I checked out Matt's blog a few times after he first posted here about it, but there wasn't much going on that interested me.

Old Bingey
12-16-2005, 06:05 PM
Frank,

I thought about that. I think Matt's blog is boat related.

Old Bingey
12-16-2005, 06:16 PM
Donn,

I think TNY began to decline when E.B. MFEMF died. It is a little bit better now. I am trying to maintain my Guinness book record as the the most rejected contributor. This ain't boat related so I'll add another question. What do you forumites think would improve "WoodenBoat" magazine?

[ 12-16-2005, 07:18 PM: Message edited by: Old Bingey ]

Old Bingey
12-16-2005, 06:25 PM
My durn thingamajig refused to send E.B. MFEMF's name. I am quite unskilled at circumventing the idiocy of these systems. Sorry about that.

Donn
12-16-2005, 06:30 PM
Ha! I started submitting to them in '64 and stopped, with a 100% rejection rate, in the 70's. I think I have 100 or so. I got even by buying some of their remainders, at pennies on the dollar.

I recently let my WB subscription die. The last several issues I got are still unopened. I can't think of anything they could do to get me back. It isn't just them, I've stopped almost all mags over the past couple of years. There's just too little that interests me, and I can spend an hour in B&N, cruising the mags, and buy issues that have something for me.
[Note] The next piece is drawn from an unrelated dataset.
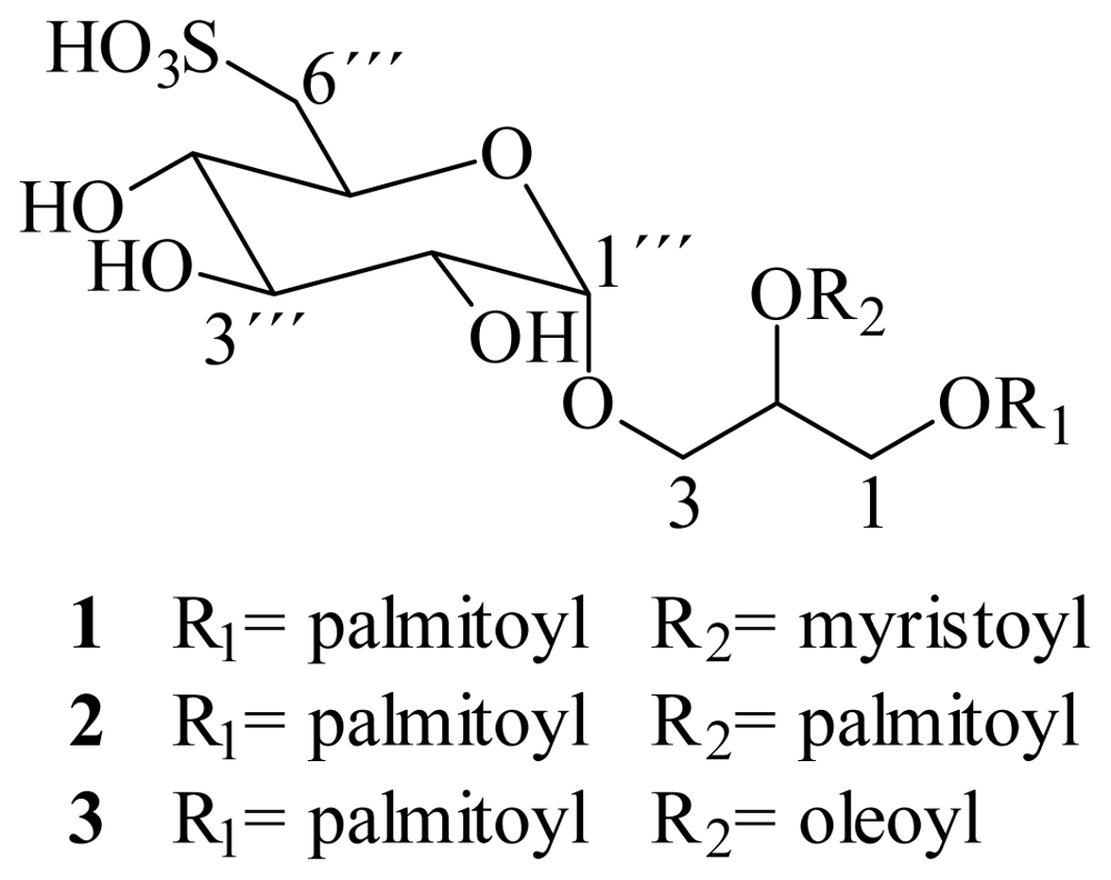 On the basis of the molecular formula obtained by high resolution positive FAB MS, 1H- and 13C-NMR data and the results from the selective hydrolysis, the structure of compound 1 was established as 1-O-palmitoyl-2-O-myristoyl-3-O-(6‴-sulfo-α-d-quinovopyranosyl)-glycerol, while compounds 2 and 3 were identified as 1,2-di-O-palmitoyl-3-O-(6‴-sulfo-α-d-quinovopyranosyl)-glycerol and 1-O-palmitoyl-2-O-oleoyl-3-O-(6‴-sulfo-α-d-quinovopyranosyl)-glycerol, respectively.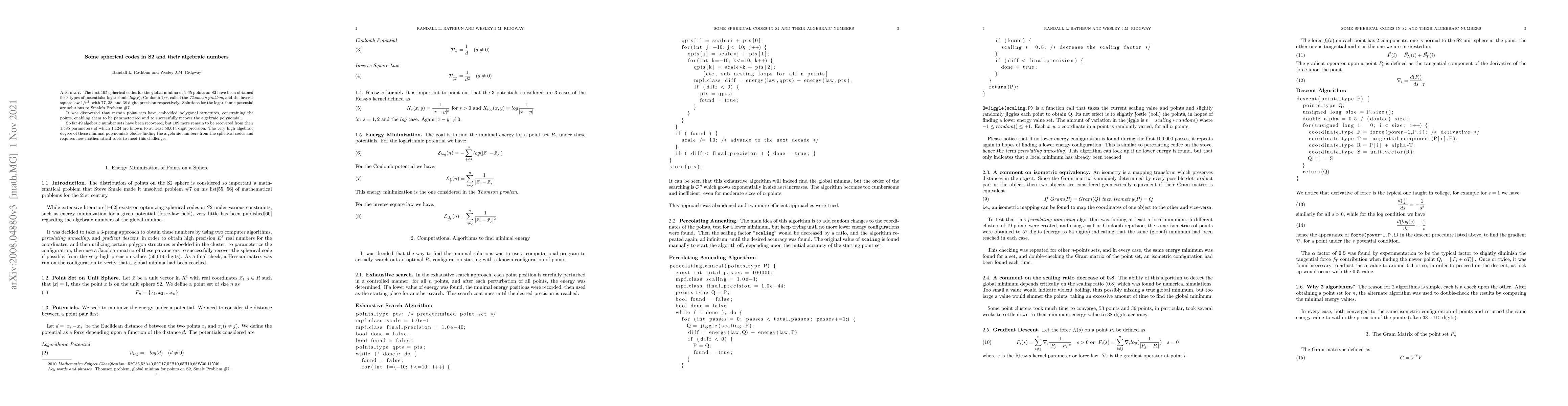 The first 195 spherical codes for the global minima of 1 to 65 points on S2 have been obtained for 3 types of potentials: logarithmic, Coulomb, called the Thomson problem, and the inverse square law, with 77, 38, and 38 digits precision respectively. It was discovered that certain point sets have embedded polygonal structures, constraining the points, enabling them to be parameterized and to successfully recover the algebraic polynomial. So far 49 algebraic number sets have been recovered, but 109 more remain to be recovered from their 1,622 parameters, 983 known to 50,014 digit precision. The very high algebraic degree of these minimal polynomials eludes finding the algebraic numbers from the spherical codes and requires new mathematical tools to meet this challenge.

I still buy a lot of books, and re-read lots of others, but I grow far more 'paticlar' as I age. Friends in the industry still send me galleys of new McPhee's and such, so I have plenty to choose from.

John Bell
12-16-2005, 06:41 PM
I read the blogs and enjoy them very much. Even though there is an easy feedback mechanism, I just don't often find much to say other than I enjoyed what I read. And simply saying "nice work" seems superfluous. Besides, I think recieving too many compliments leads one to mediocrity. I want to keep you guys working hard to entertain me.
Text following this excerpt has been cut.